▶ _What is expected_: Return the material exactly, first line through the line containing "Samotná výměna probíhá", and nothing more. Pictures stay out.
--- Source material Enclosed Below ---
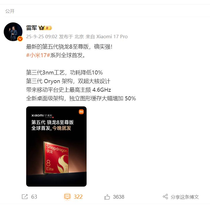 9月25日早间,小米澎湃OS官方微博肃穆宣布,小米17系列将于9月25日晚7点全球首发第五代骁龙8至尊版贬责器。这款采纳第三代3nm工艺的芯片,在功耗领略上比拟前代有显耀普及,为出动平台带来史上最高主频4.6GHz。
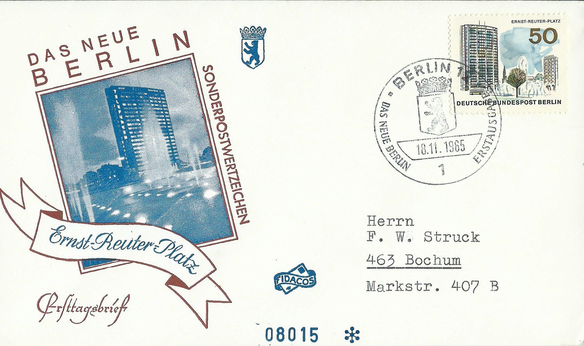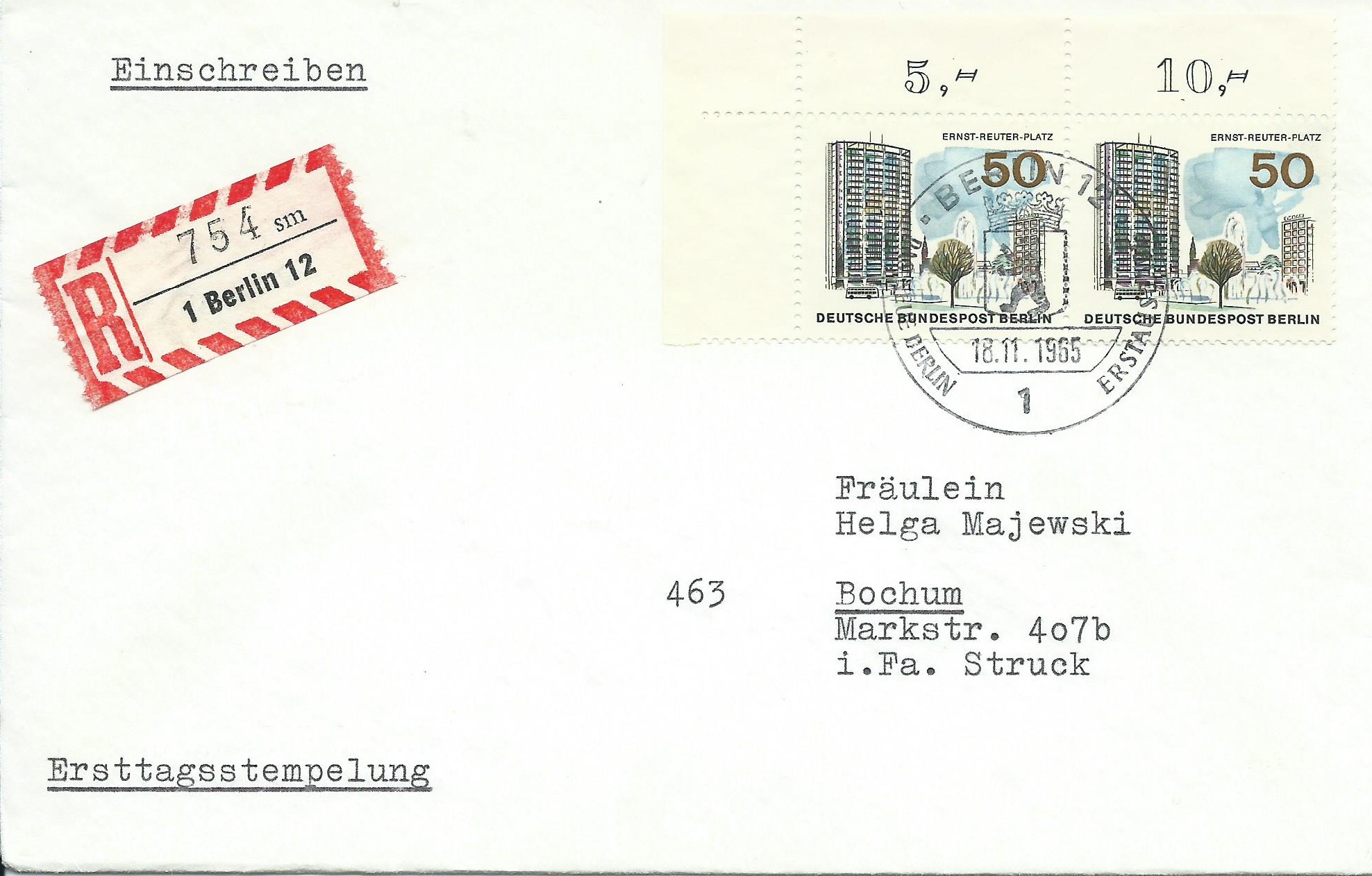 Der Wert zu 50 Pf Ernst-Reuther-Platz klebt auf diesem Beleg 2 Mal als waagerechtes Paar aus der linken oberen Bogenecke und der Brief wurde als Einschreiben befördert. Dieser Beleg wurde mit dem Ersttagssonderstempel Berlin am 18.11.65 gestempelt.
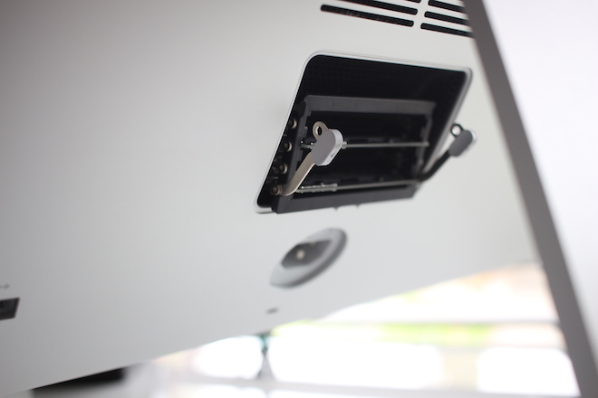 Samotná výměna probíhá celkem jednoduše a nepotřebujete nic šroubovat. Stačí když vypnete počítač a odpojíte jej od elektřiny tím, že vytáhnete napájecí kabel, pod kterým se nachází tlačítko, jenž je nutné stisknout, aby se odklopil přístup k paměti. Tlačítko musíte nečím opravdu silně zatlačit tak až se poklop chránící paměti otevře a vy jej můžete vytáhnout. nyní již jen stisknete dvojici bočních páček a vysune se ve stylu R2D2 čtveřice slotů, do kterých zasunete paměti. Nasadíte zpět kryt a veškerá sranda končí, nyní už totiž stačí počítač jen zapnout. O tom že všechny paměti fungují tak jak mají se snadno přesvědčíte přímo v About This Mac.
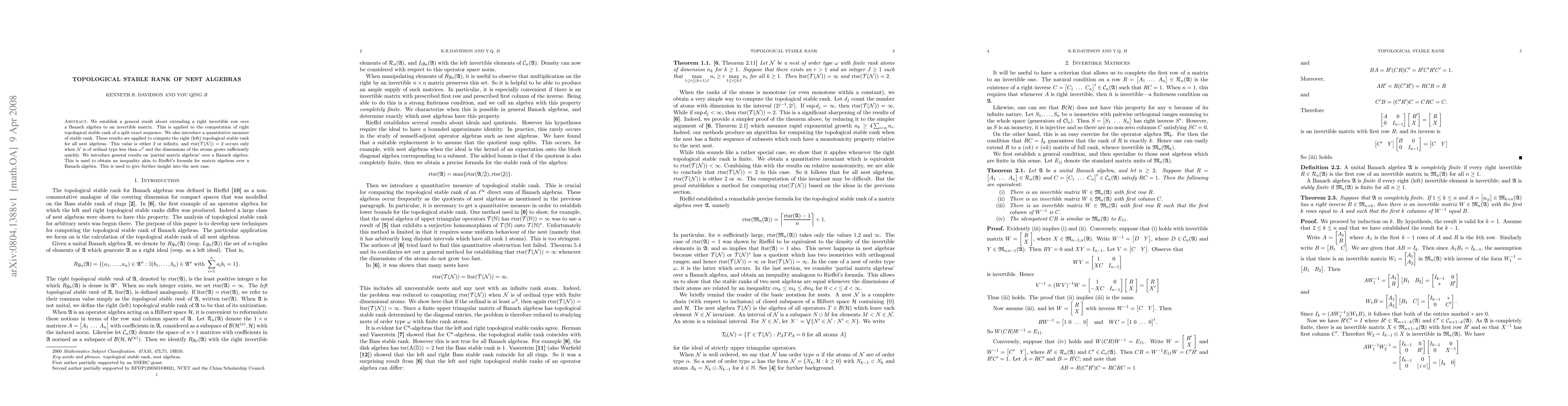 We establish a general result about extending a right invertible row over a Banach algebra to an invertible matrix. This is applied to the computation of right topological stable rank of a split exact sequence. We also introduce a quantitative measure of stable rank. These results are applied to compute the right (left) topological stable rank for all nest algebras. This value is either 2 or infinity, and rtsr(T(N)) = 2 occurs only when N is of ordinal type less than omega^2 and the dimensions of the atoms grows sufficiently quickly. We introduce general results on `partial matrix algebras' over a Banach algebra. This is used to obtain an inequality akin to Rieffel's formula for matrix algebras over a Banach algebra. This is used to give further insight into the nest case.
--- End of Enclosed Source material ---
▶ _Completed task_:
 9月25日早间,小米澎湃OS官方微博肃穆宣布,小米17系列将于9月25日晚7点全球首发第五代骁龙8至尊版贬责器。这款采纳第三代3nm工艺的芯片,在功耗领略上比拟前代有显耀普及,为出动平台带来史上最高主频4.6GHz。
 Der Wert zu 50 Pf Ernst-Reuther-Platz klebt auf diesem Beleg 2 Mal als waagerechtes Paar aus der linken oberen Bogenecke und der Brief wurde als Einschreiben befördert. Dieser Beleg wurde mit dem Ersttagssonderstempel Berlin am 18.11.65 gestempelt.
 Samotná výměna probíhá celkem jednoduše a nepotřebujete nic šroubovat. Stačí když vypnete počítač a odpojíte jej od elektřiny tím, že vytáhnete napájecí kabel, pod kterým se nachází tlačítko, jenž je nutné stisknout, aby se odklopil přístup k paměti. Tlačítko musíte nečím opravdu silně zatlačit tak až se poklop chránící paměti otevře a vy jej můžete vytáhnout. nyní již jen stisknete dvojici bočních páček a vysune se ve stylu R2D2 čtveřice slotů, do kterých zasunete paměti. Nasadíte zpět kryt a veškerá sranda končí, nyní už totiž stačí počítač jen zapnout. O tom že všechny paměti fungují tak jak mají se snadno přesvědčíte přímo v About This Mac.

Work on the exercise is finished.